劫后余生
他为什么敢酒驾?我很快就知道了,车没开多久就停了下来,四下漆黑、寂静。
他打开车灯,似乎在欣赏我的醉态。我心裏着急,却只能皱紧眉头,尽了最大的力量也不过微微转动了头颅。可能这种满脸酐红却无力反抗的样子让他感觉到了愉悦,这位一直道貌岸然的正人君子突然笑了,寂静的车内不大的笑声让人毛骨悚然。
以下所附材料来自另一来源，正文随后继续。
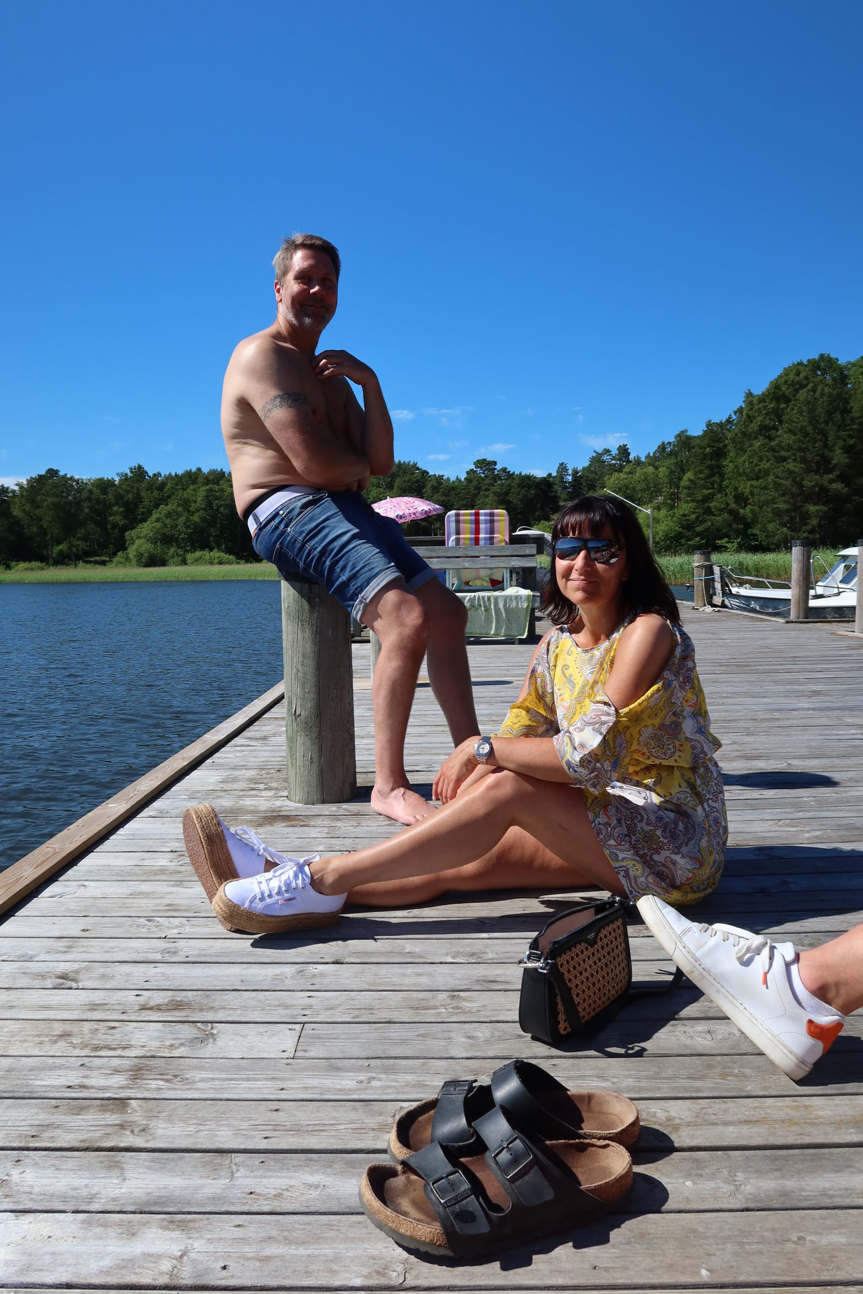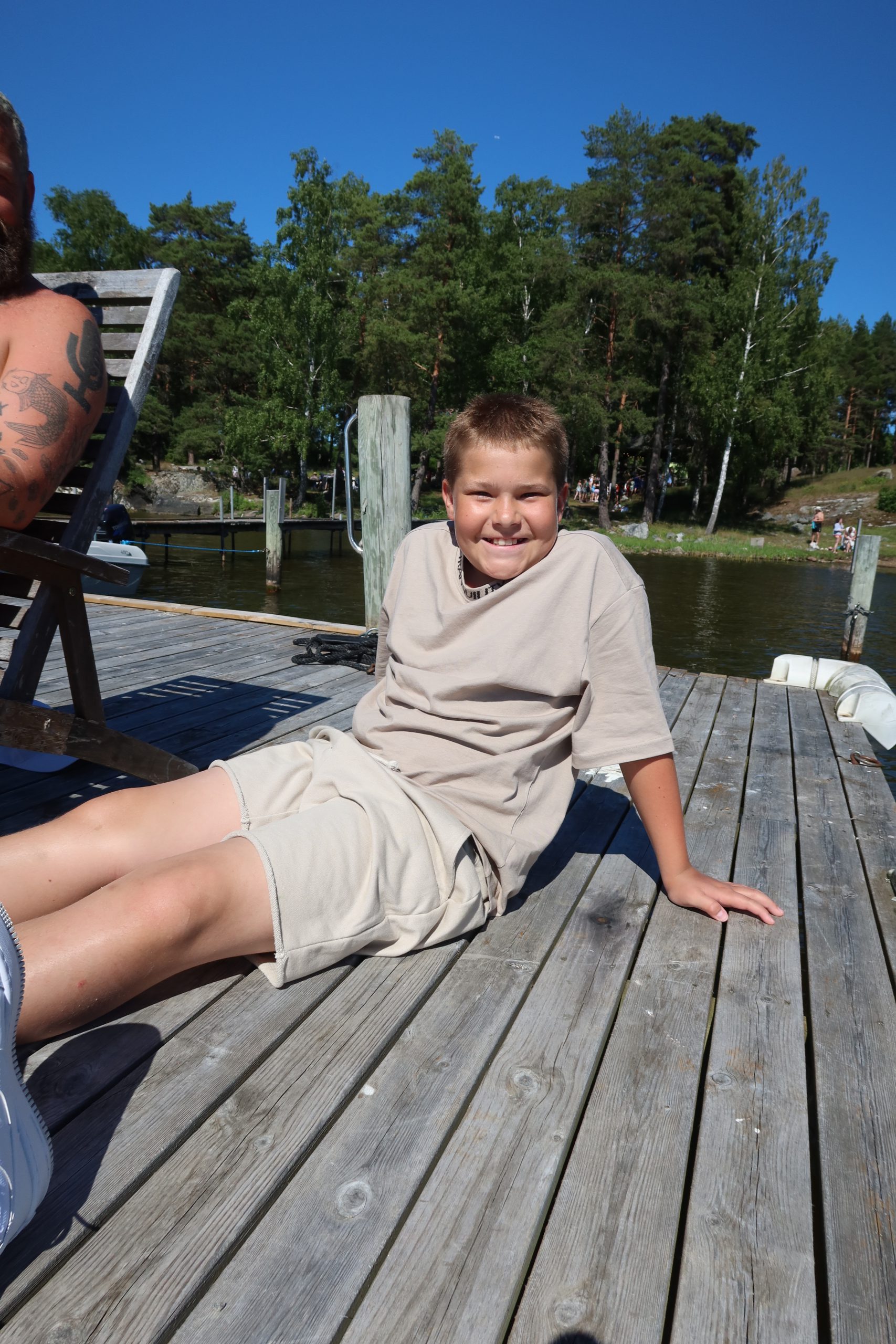 Vi satte oss på bryggan och lyssnade på sång och tittade på dans runt midsommarstången. Tony tog med en boxboll som vi hade väldigt roligt åt. En sån som man fäster runt huvudet. Blev också bad och hopp i från bryggan.

他的手轻轻地摸着我的脸,用一种自我陶醉的语气说:“你说你怎么就那么不识抬举呢,我不过想跟你玩玩,你还拒绝我。连大学裏的女神都为我疯狂,用自杀来希望得到我的爱。你有什么资本在我面前骄傲?你不仅长得不如她,没她年轻,还不是处女,跟有钱人搞在一起。你这种骯臟的女人就该痛苦地死去。”说着说着,情人般爱抚的手掌突然用力掐住了我的脖子。
我呼吸一下子变得困难起来,眼冒金星,濒临窒息的时候他又松开了:“我们有一个晚上的时间,可以慢慢玩。我知道你什么都听得到,这种药可是最新的,”又恶意地舔了一下我的耳垂,呓语道:“你全身都软了呢,宝贝。”
那一刻,生理上的恶心也比不过我内心无比的绝望。我无数次在内心乞求上苍能拯救我,自问我一家人从来行善积德、更无害人之心,为何要让我受到这种□□?
这时他又开口了:“真刺激,让我想想用什么方法来解决你比较好。偏偏学校裏又刚出了事,不能让警察联想到我才行。今晚过后,我会把你的名字记在我的名单裏面,这是你的荣幸,知道吗?”他一边说着恶魔般的语言,一边慢悠悠的一粒粒解开我的扣子。
我既恨不得自己失去所有知觉,真的晕过去,又开始想如果我真的出事后,有没有人能够查出真相,还是只当作一场意外被掩盖。就像那个可怜的女大学生一样?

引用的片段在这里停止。